Monday 8
General Philosophy of Science B (submitted papers)

› 12:30 - 13:00 (30min)
› 007
Regulation: Integrating Concept or Epistemological Red Herring?
Kevin Amidon  1@  
1 : Iowa State University

Kevin S. Amidon

Iowa State University

For some time, I have been studying four areas: the history of biology; the relationship between scientific practice and government policy in the sphere of pharmaceuticals; the history of early forms of government regulation, for example of transportation; and the intellectual foundations of sustainability thought. All of these spheres share the word “regulation” to indicate significant processes of mediation and modulation, in many cases based on some set of quasi-scientific arguments. In biology, “regulation” has been deployed conceptually since at least the early twentieth century to describe systems that appear to operate as feedback mechanisms. In many branches of public policy, the concept similarly emerged in the nineteenth century to describe processes of management and oversight of economic activity based on law but carried out through executive prerogative.

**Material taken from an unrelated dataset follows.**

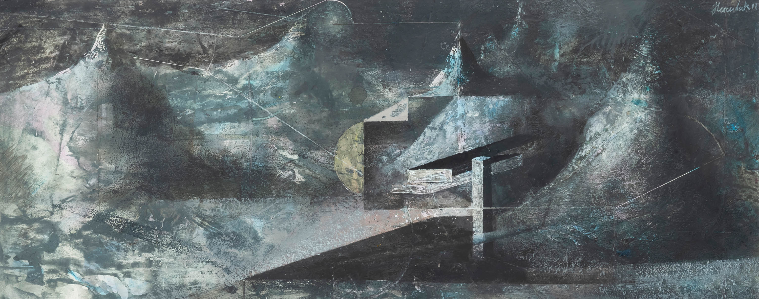 sygn. i dat. ołówkiem p.d.: Gorczyca / 90, opisana ołówkiem l.d.: Próba przezwyciężenia tego co nieuniknione / E/A

Since ca. 1970, environmental policy has grown rapidly into a significant and controversial sphere of government-industry mediation – and arguments about the stability and sustainability of (biologically related) ‘regulatory' processes in the natural world have become a substantial part of ‘regulatory' processes in public policy. Where this terminological overlap becomes more than an analogy, I propose, is in its epistemological stakes. ‘Regulation' and ‘control' often appear as (often misplaced and misleading) synonyms in both biology and public policy. This affinity indicates that a hierarchy of causes and effects appears to operate in the systems. I suggest that the troublesome element in any making-equivalent of regulation and control is that it hides the sources of interventions in and perturbations to those systems.